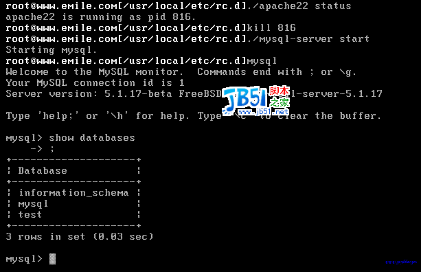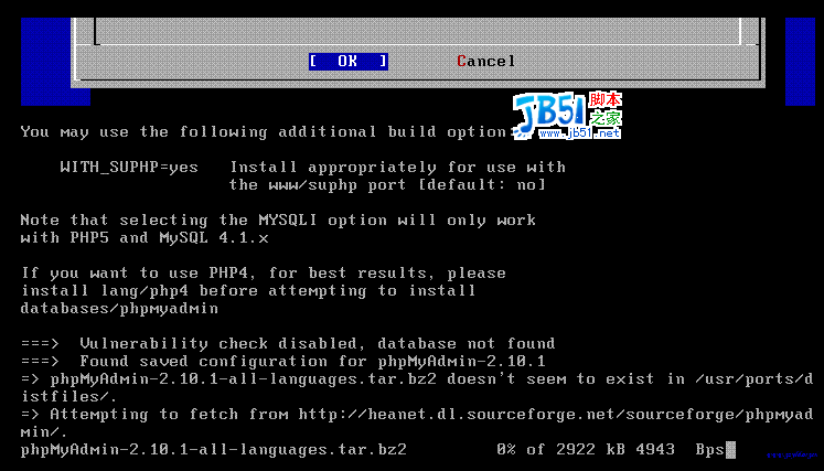 freebsd6.2系統用前面日志介紹的最小化安裝的FB,下面開始在上面搭建一個web平臺,包括apache+mysql+php+phpmyadmin:
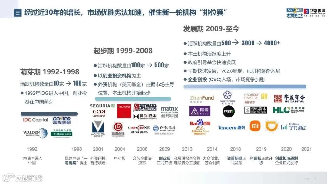 第一个阶段是萌芽期,1992-1998年。那时候投资非常不活跃,甚至基本上没有,所以萌芽期主要的参与者是IDG资本、华登国际,他们是中国最早传播创投的播种者,今天他们依旧活跃在这个市场,继续支持中国的科技产业的发展。
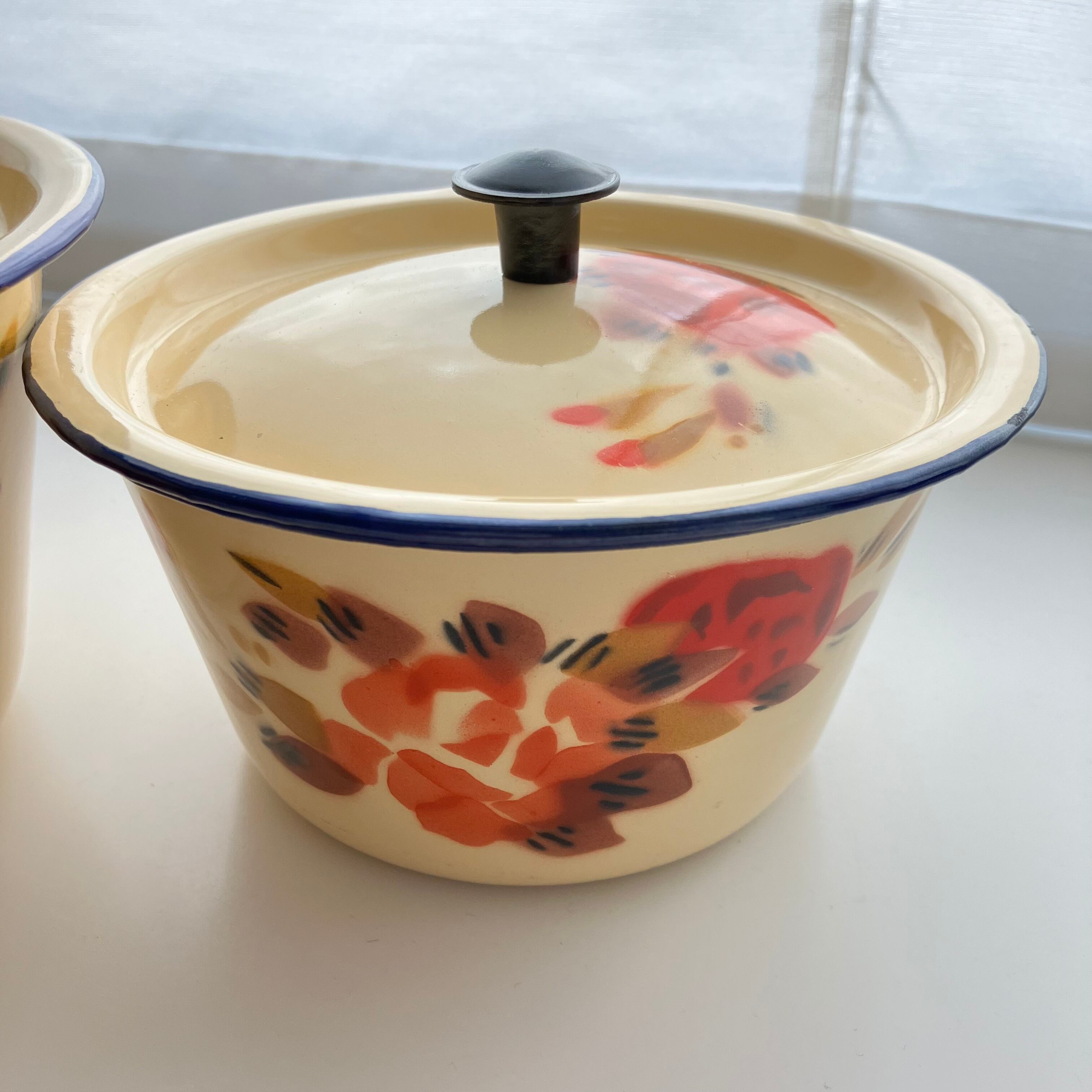ホーロー 蓋付き 花柄
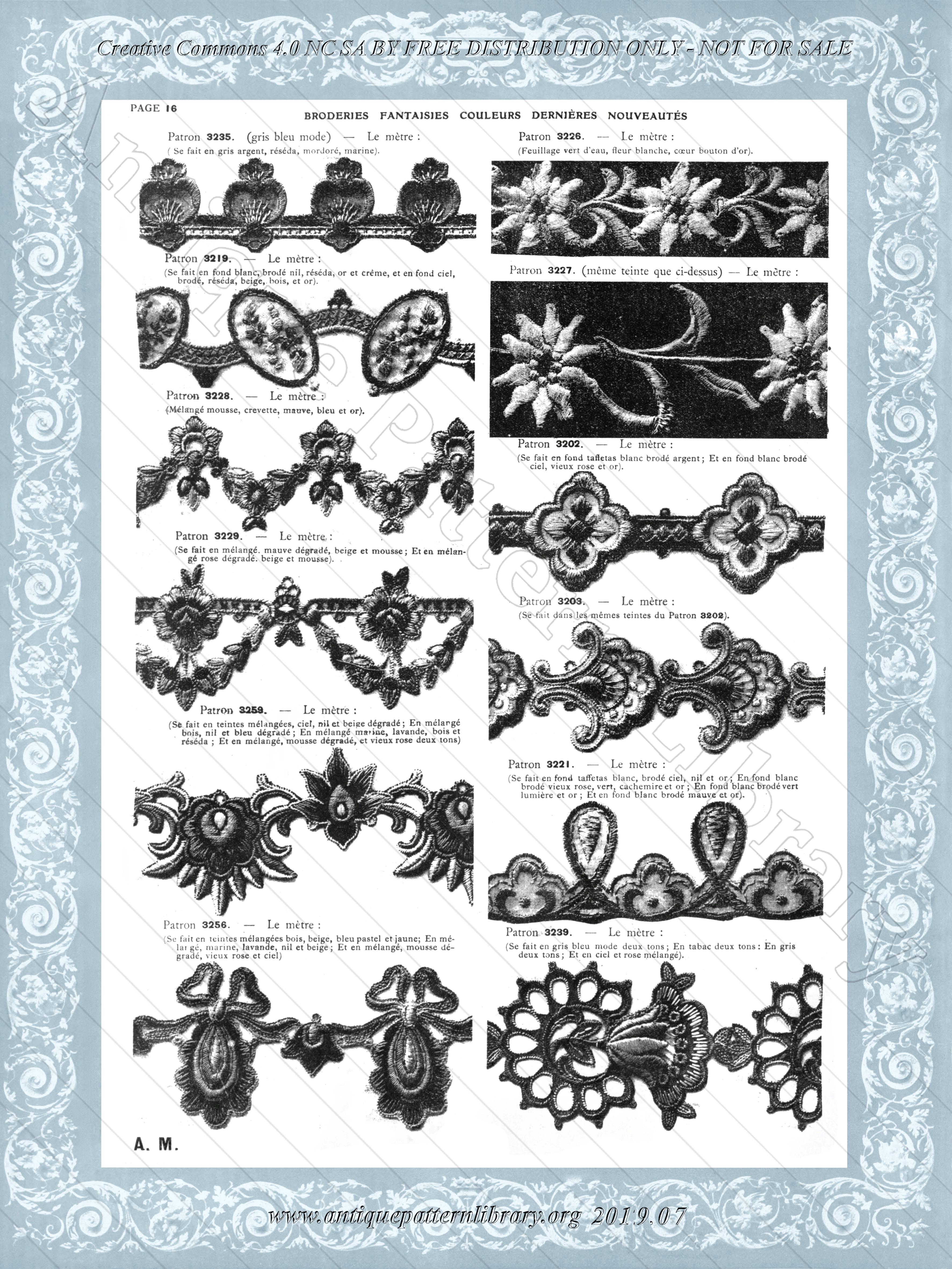 Nota: Nous prions instamment nos Clientes de ne jamais couper les dessins de l"album, pour les demandes il suffit d'indiquer le numero du patron, la nature de l'echantillon et la quantite. Pour les dentelles et broderies ne jamais oublier d'indiquer la nuance.
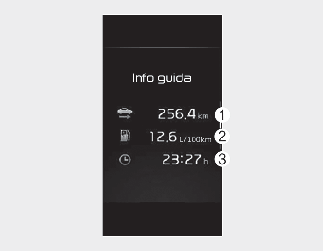 Vengono visualizzati: la distanza percorsa totale (1), il consumo medio di carburante (2) e il tempo di guida totale (3).
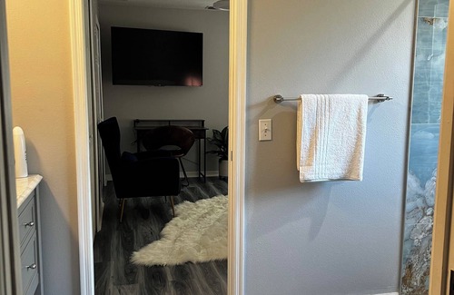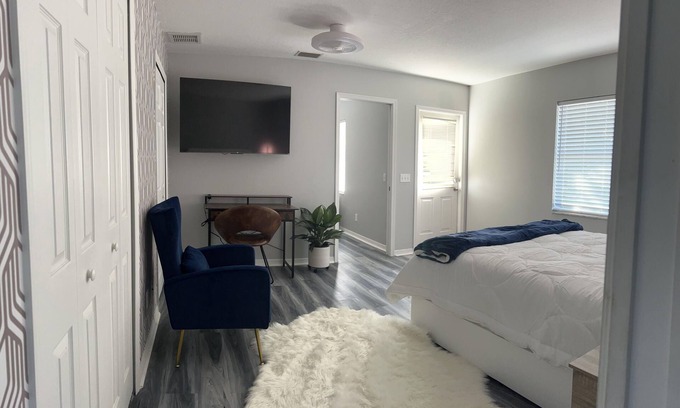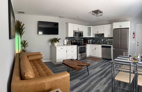 Welcome to our charming, newly renovated getaway rental nestled in a serene, safe neighborhood. This cozy retreat features one bedroom with three comfortable beds, ensuring a restful night's sleep. The fully equipped kitchen allows for culinary delights, while the adjoining laundry room adds convenience to your stay. Immerse yourself in the refreshing swimming pool, providing the perfect oasis for relaxation. Enjoy the tranquility of the surroundings, with the distant crowing of a rooster adding a touch of rural charm. Whether you're here for leisure or business, this idyllic haven offers the perfect blend of comfort and convenience.
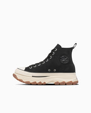 オールスターの定番スタイルに、トレッキングシューズをモチーフにしたボリュームのあるアウトソールを融合させたトレックウエーブのパターン、素材アレンジモデル。
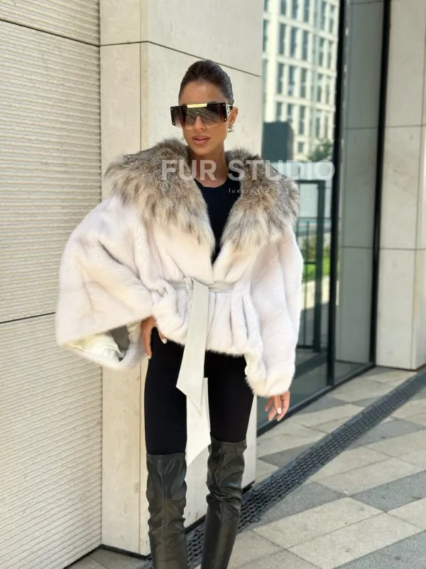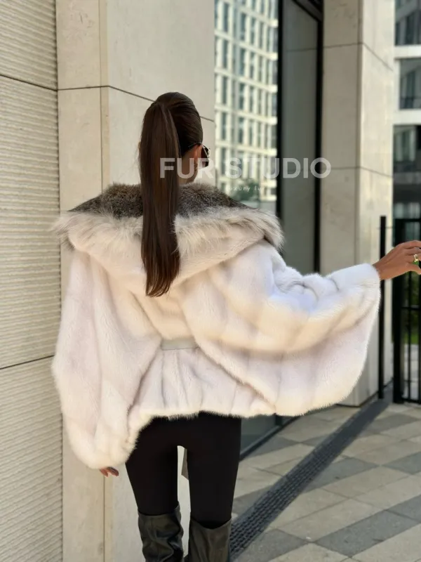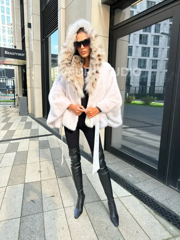 Белое норковое манто с капюшоном из меха рыси – выбор девушек, которые готовы экспериментировать. Летучка сделает ваш образ легким и воздушным. Необычный цвет напомнит о лете и освежит ваш стиль. Нежный мех бережно согреет владелицу в любые холода. Шикарный капюшон из рыси позаботится, чтобы волосы были в тепле.
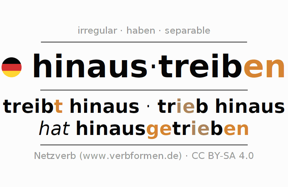 | ich | treib(e) hinaus | trieb hinaus | treibe hinaus | triebe hinaus | - |
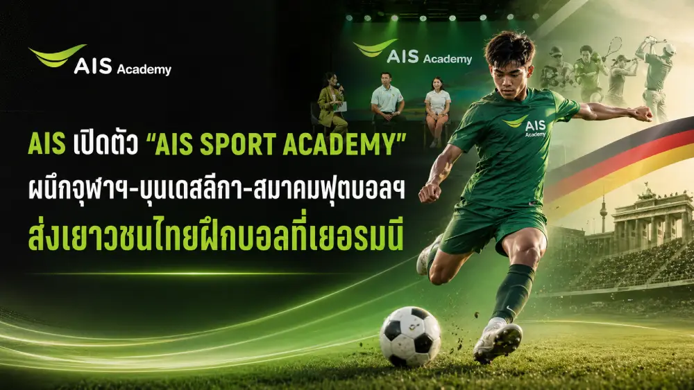 AIS ประกาศเดินหน้ายุทธศาสตร์ครั้งใหญ่เพื่อยกระดับวงการกีฬาไทย เปิดตัว “AIS SPORT ACADEMY” ภายใต้แนวคิด “พลังคน สร้างพลังกีฬาไทย” มุ่งพัฒนาอุตสาหกรรมกีฬาไทยแบบครบวงจร ผ่านความร่วมมือกับพันธมิตรระดับประเทศและระดับโลก ได้แก่ จุฬาลงกรณ์มหาวิทยาลัย, บุนเดสลีกา เยอรมนี และสมาคมกีฬาฟุตบอลแห่งประเทศไทยฯ
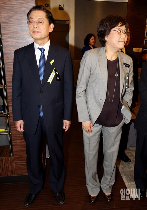 30일 서울 종로구 성균관대학교 유림회관에서 열린 '6ㆍ4 지방선거 새누리당 종로구 시의원 후보 선출대회'에서 김황식(왼쪽), 이혜훈 서울시장 경선후보들이 참석해 있다.
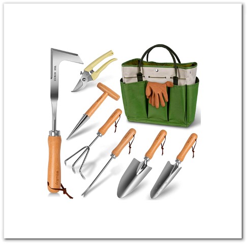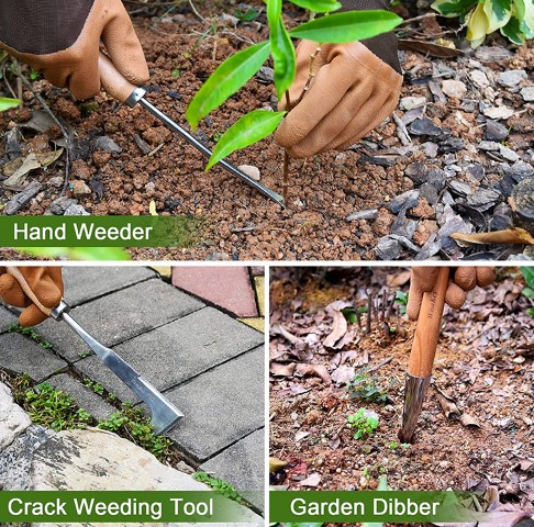 — All gardening tools are made of high hardness stainless steel, which is tough, sharp, and durable enough to meet various needs of gardening work.

## EXERCISE
Please retype all of the material exactly, skipping whatever images it holds.

## SOLUTION FOR THIS EXERCISE
 freebsd6.2系統用前面日志介紹的最小化安裝的FB,下面開始在上面搭建一個web平臺,包括apache+mysql+php+phpmyadmin:
 第一个阶段是萌芽期,1992-1998年。那时候投资非常不活跃,甚至基本上没有,所以萌芽期主要的参与者是IDG资本、华登国际,他们是中国最早传播创投的播种者,今天他们依旧活跃在这个市场,继续支持中国的科技产业的发展。
ホーロー 蓋付き 花柄
 Nota: Nous prions instamment nos Clientes de ne jamais couper les dessins de l"album, pour les demandes il suffit d'indiquer le numero du patron, la nature de l'echantillon et la quantite. Pour les dentelles et broderies ne jamais oublier d'indiquer la nuance.
 Vengono visualizzati: la distanza percorsa totale (1), il consumo medio di carburante (2) e il tempo di guida totale (3).
 Welcome to our charming, newly renovated getaway rental nestled in a serene, safe neighborhood. This cozy retreat features one bedroom with three comfortable beds, ensuring a restful night's sleep. The fully equipped kitchen allows for culinary delights, while the adjoining laundry room adds convenience to your stay. Immerse yourself in the refreshing swimming pool, providing the perfect oasis for relaxation. Enjoy the tranquility of the surroundings, with the distant crowing of a rooster adding a touch of rural charm. Whether you're here for leisure or business, this idyllic haven offers the perfect blend of comfort and convenience.
 オールスターの定番スタイルに、トレッキングシューズをモチーフにしたボリュームのあるアウトソールを融合させたトレックウエーブのパターン、素材アレンジモデル。
 Белое норковое манто с капюшоном из меха рыси – выбор девушек, которые готовы экспериментировать. Летучка сделает ваш образ легким и воздушным. Необычный цвет напомнит о лете и освежит ваш стиль. Нежный мех бережно согреет владелицу в любые холода. Шикарный капюшон из рыси позаботится, чтобы волосы были в тепле.
 | ich | treib(e) hinaus | trieb hinaus | treibe hinaus | triebe hinaus | - |
 AIS ประกาศเดินหน้ายุทธศาสตร์ครั้งใหญ่เพื่อยกระดับวงการกีฬาไทย เปิดตัว “AIS SPORT ACADEMY” ภายใต้แนวคิด “พลังคน สร้างพลังกีฬาไทย” มุ่งพัฒนาอุตสาหกรรมกีฬาไทยแบบครบวงจร ผ่านความร่วมมือกับพันธมิตรระดับประเทศและระดับโลก ได้แก่ จุฬาลงกรณ์มหาวิทยาลัย, บุนเดสลีกา เยอรมนี และสมาคมกีฬาฟุตบอลแห่งประเทศไทยฯ
 30일 서울 종로구 성균관대학교 유림회관에서 열린 '6ㆍ4 지방선거 새누리당 종로구 시의원 후보 선출대회'에서 김황식(왼쪽), 이혜훈 서울시장 경선후보들이 참석해 있다.
 — All gardening tools are made of high hardness stainless steel, which is tough, sharp, and durable enough to meet various needs of gardening work.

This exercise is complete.